Provided by: liblingua-en-tagger-perl_0.31-3_all bug

NAME

       Lingua::EN::Tagger - Part-of-speech tagger for English natural language processing.

SYNOPSIS

           # Create a parser object
           my $p = new Lingua::EN::Tagger;

           # Add part of speech tags to a text
           my $tagged_text = $p->add_tags($text);

           ...

           # Get a list of all nouns and noun phrases with occurrence counts
           my %word_list = $p->get_words($text);

           ...

           # Get a readable version of the tagged text
           my $readable_text = $p->get_readable($text);

DESCRIPTION

       The module is a probability based, corpus-trained tagger that assigns POS tags to English
       text based on a lookup dictionary and a set of probability values.  The tagger assigns
       appropriate tags based on conditional probabilities - it examines the preceding tag to
       determine the appropriate tag for the current word.  Unknown words are classified
       according to word morphology or can be set to be treated as nouns or other parts of
       speech.

       The tagger also extracts as many nouns and noun phrases as it can, using a set of regular
       expressions.

CONSTRUCTOR

       new %PARAMS
           Class constructor.  Takes a hash with the following parameters (shown with default
           values):

           unknown_word_tag => ''
               Tag to assign to unknown words

           stem => 0
               Stem single words using Lingua::Stem::EN

           weight_noun_phrases => 0
               When returning occurrence counts for a noun phrase, multiply the value by the
               number of words in the NP.

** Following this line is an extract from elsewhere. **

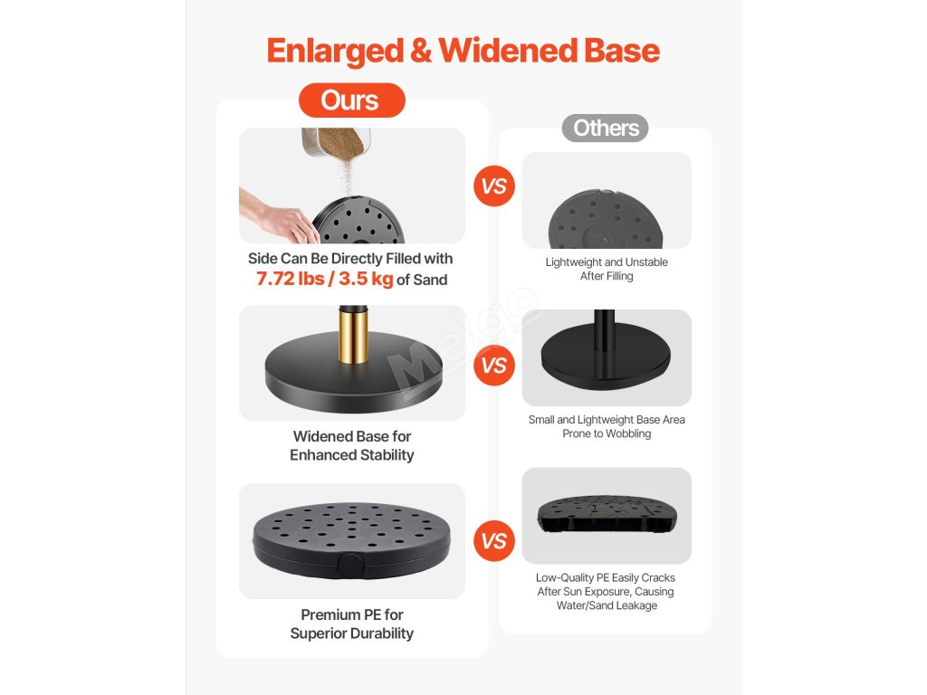 | Hmotnost jedné základny po naplnění pískem | 7.72 liber / 3,5 kg |

           longest_noun_phrase => 5
               Will ignore noun phrases longer than this threshold. This affects only the
               get_words() and get_nouns() methods.

           relax => 0
               Relax the Hidden Markov Model: this may improve accuracy for uncommon words,
               particularly words used polysemously

METHODS

       add_tags TEXT
           Examine the string provided and return it fully tagged (XML style)

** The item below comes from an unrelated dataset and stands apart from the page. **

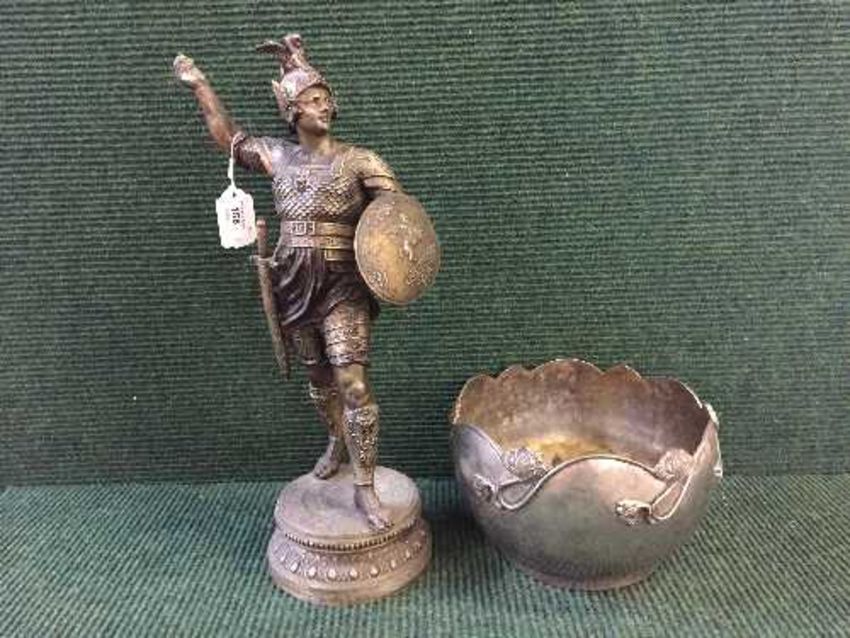 A metal figure of a Roman warrior and an Art Nouveau style planter

       add_tags_incrementally TEXT
           Examine the string provided and return it fully tagged (XML style) but do not reset
           the internal part-of-speech state between invocations.

       get_words TEXT
           Given a text string, return as many nouns and noun phrases as possible.  Applies
           add_tags and involves three stages:

               * Tag the text
               * Extract all the maximal noun phrases
               * Recursively extract all noun phrases from the MNPs

       get_readable TEXT
           Return an easy-on-the-eyes tagged version of a text string.  Applies add_tags and
           reformats to be easier to read.

       get_sentences TEXT
           Returns an anonymous array of sentences (without POS tags) from a text.

       get_proper_nouns TAGGED_TEXT
           Given a POS-tagged text, this method returns a hash of all proper nouns and their
           occurrence frequencies. The method is greedy and will return multi-word phrases, if
           possible, so it would find ``Linguistic Data Consortium'' as a single unit, rather
           than as three individual proper nouns. This method does not stem the found words.

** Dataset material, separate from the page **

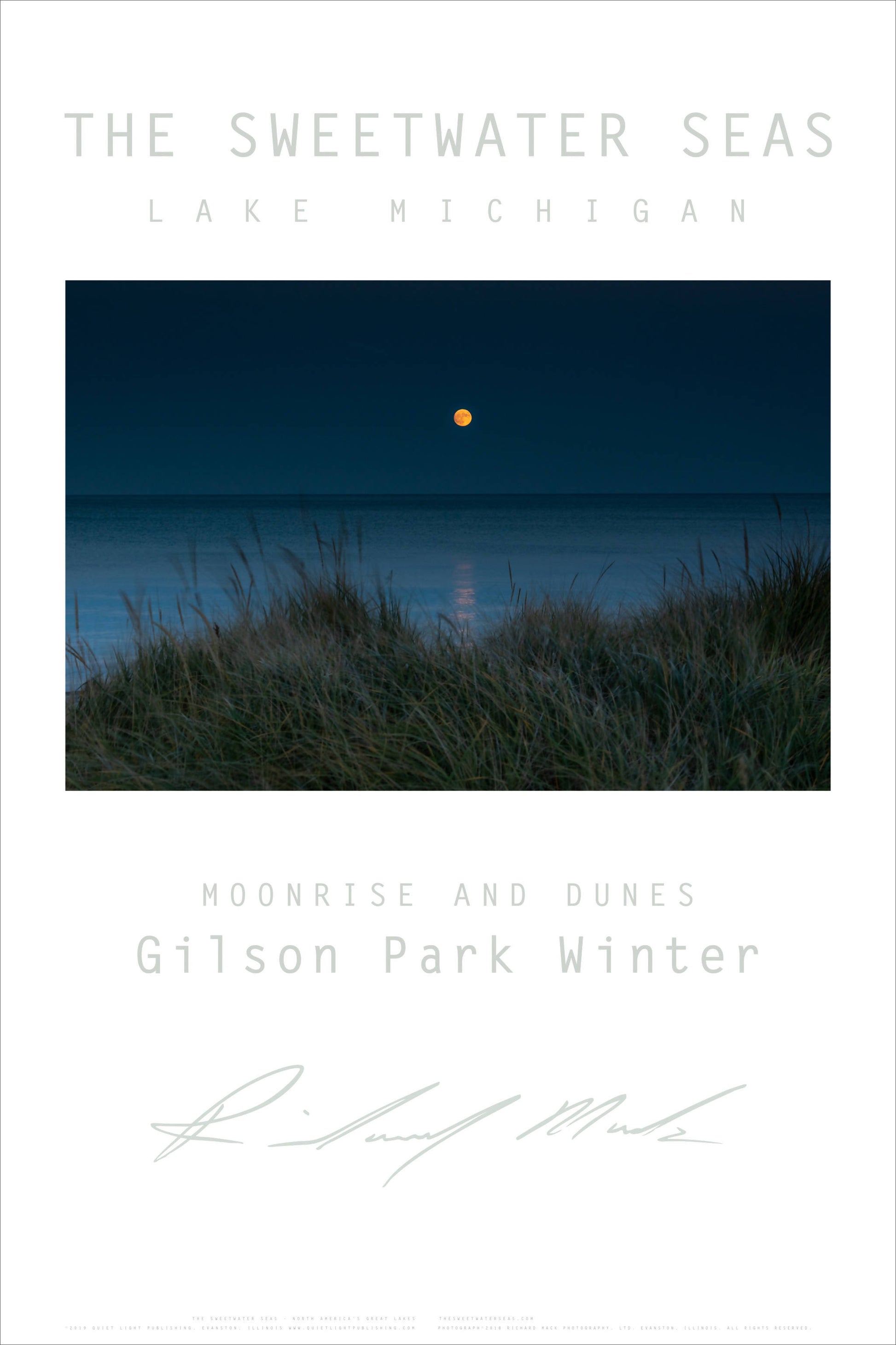 Sweetwater Seas Fine Art Poster - Lake Michigan, Gilson Park Moonrise & Grass

       get_nouns TAGGED_TEXT
           Given a POS-tagged text, this method returns all nouns and their occurrence
           frequencies.

       get_max_noun_phrases TAGGED_TEXT
           Given a POS-tagged text, this method returns only the maximal noun phrases.  May be
           called directly, but is also used by get_noun_phrases

       get_noun_phrases TAGGED_TEXT
           Similar to get_words, but requires a POS-tagged text as an argument.

       install
           Reads some included corpus data and saves it in a stored hash on the local file
           system. This is called automatically if the tagger can't find the stored lexicon.

AUTHORS

           Aaron Coburn <acoburn@apache.org>

CONTRIBUTORS

           Maciej Ceglowski <developer@ceglowski.com>
           Eric Nichols, Nara Institute of Science and Technology

COPYRIGHT AND LICENSE

           Copyright 2003-2010 Aaron Coburn <acoburn@apache.org>

           This program is free software; you can redistribute it and/or modify
           it under the terms of version 3 of the GNU General Public License as
           published by the Free Software Foundation.